● WHAT NEEDS TO BE DONE
All records below are to be repeated exactly, with the pictures left out.

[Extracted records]
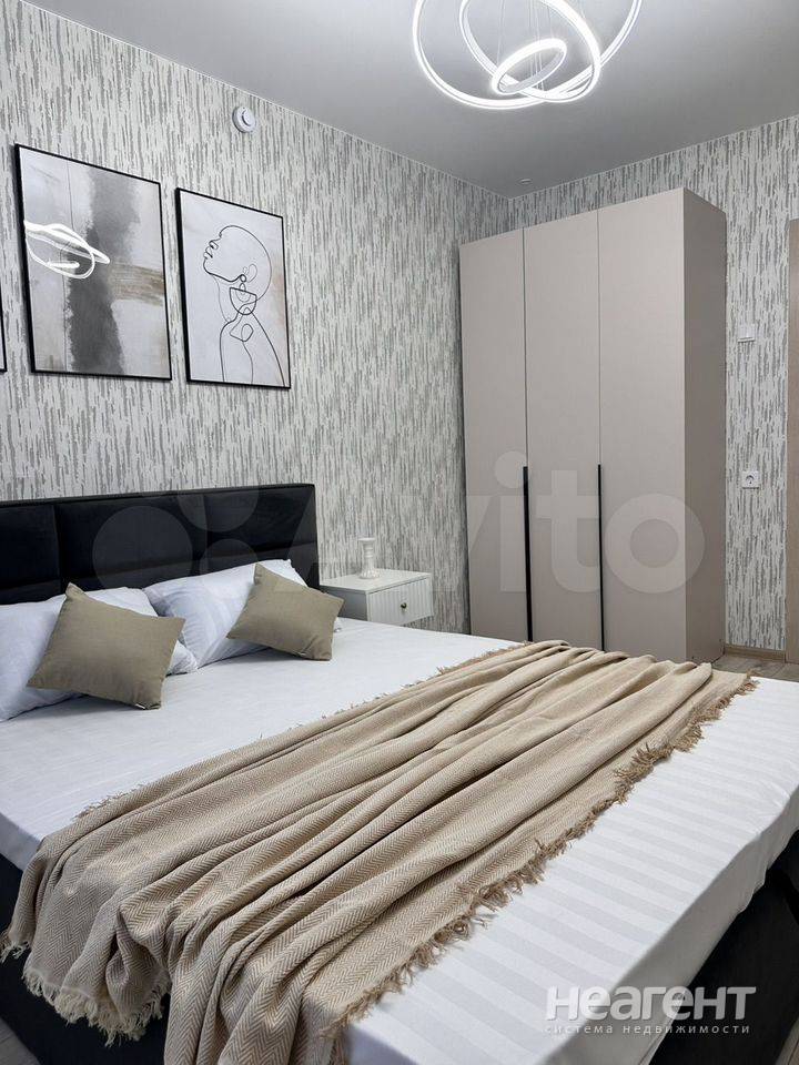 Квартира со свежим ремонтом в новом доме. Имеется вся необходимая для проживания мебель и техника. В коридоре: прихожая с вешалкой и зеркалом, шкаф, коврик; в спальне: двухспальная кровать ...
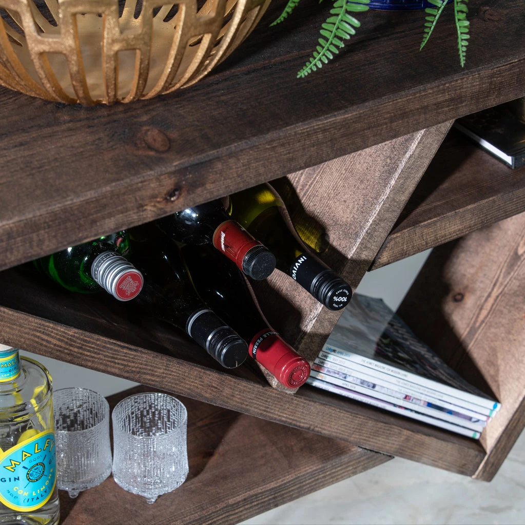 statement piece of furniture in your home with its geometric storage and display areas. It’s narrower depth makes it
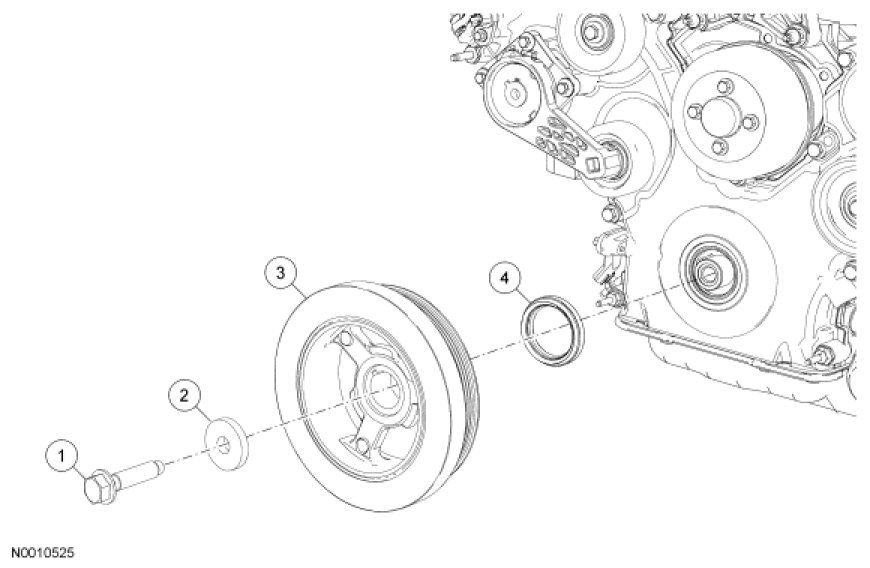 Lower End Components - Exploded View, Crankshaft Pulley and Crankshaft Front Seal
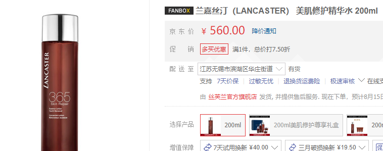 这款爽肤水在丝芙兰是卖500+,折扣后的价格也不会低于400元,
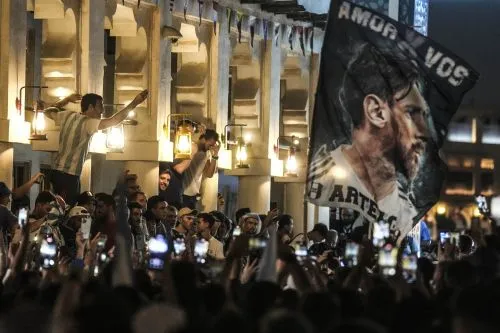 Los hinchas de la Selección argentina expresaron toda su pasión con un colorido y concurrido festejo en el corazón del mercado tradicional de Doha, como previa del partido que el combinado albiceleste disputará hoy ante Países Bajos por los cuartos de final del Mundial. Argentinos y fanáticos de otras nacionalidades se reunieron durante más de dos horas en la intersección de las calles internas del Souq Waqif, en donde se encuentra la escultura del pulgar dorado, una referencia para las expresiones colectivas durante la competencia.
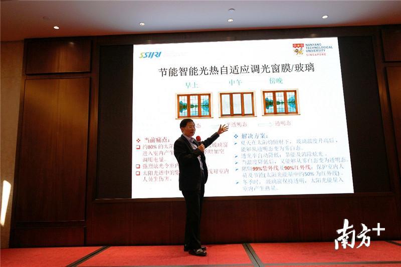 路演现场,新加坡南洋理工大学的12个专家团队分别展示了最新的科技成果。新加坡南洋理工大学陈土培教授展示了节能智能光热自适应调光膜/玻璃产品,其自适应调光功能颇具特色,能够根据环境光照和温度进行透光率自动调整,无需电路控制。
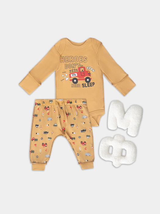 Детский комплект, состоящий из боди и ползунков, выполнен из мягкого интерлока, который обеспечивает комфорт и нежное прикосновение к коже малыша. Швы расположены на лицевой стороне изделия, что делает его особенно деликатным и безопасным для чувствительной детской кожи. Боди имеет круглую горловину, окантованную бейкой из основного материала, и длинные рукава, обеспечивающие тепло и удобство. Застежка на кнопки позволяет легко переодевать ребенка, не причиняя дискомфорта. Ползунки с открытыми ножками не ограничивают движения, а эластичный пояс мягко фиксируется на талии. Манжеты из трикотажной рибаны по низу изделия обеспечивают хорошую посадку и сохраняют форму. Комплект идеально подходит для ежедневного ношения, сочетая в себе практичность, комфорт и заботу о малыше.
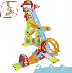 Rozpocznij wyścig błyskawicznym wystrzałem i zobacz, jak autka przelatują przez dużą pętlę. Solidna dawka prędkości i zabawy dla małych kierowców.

● YOUR RESPONSE
 Квартира со свежим ремонтом в новом доме. Имеется вся необходимая для проживания мебель и техника. В коридоре: прихожая с вешалкой и зеркалом, шкаф, коврик; в спальне: двухспальная кровать ...
 statement piece of furniture in your home with its geometric storage and display areas. It’s narrower depth makes it
 Lower End Components - Exploded View, Crankshaft Pulley and Crankshaft Front Seal
 这款爽肤水在丝芙兰是卖500+,折扣后的价格也不会低于400元,
 Los hinchas de la Selección argentina expresaron toda su pasión con un colorido y concurrido festejo en el corazón del mercado tradicional de Doha, como previa del partido que el combinado albiceleste disputará hoy ante Países Bajos por los cuartos de final del Mundial. Argentinos y fanáticos de otras nacionalidades se reunieron durante más de dos horas en la intersección de las calles internas del Souq Waqif, en donde se encuentra la escultura del pulgar dorado, una referencia para las expresiones colectivas durante la competencia.
 路演现场,新加坡南洋理工大学的12个专家团队分别展示了最新的科技成果。新加坡南洋理工大学陈土培教授展示了节能智能光热自适应调光膜/玻璃产品,其自适应调光功能颇具特色,能够根据环境光照和温度进行透光率自动调整,无需电路控制。
 Детский комплект, состоящий из боди и ползунков, выполнен из мягкого интерлока, который обеспечивает комфорт и нежное прикосновение к коже малыша. Швы расположены на лицевой стороне изделия, что делает его особенно деликатным и безопасным для чувствительной детской кожи. Боди имеет круглую горловину, окантованную бейкой из основного материала, и длинные рукава, обеспечивающие тепло и удобство. Застежка на кнопки позволяет легко переодевать ребенка, не причиняя дискомфорта. Ползунки с открытыми ножками не ограничивают движения, а эластичный пояс мягко фиксируется на талии. Манжеты из трикотажной рибаны по низу изделия обеспечивают хорошую посадку и сохраняют форму. Комплект идеально подходит для ежедневного ношения, сочетая в себе практичность, комфорт и заботу о малыше.
 Rozpocznij wyścig błyskawicznym wystrzałem i zobacz, jak autka przelatują przez dużą pętlę. Solidna dawka prędkości i zabawy dla małych kierowców.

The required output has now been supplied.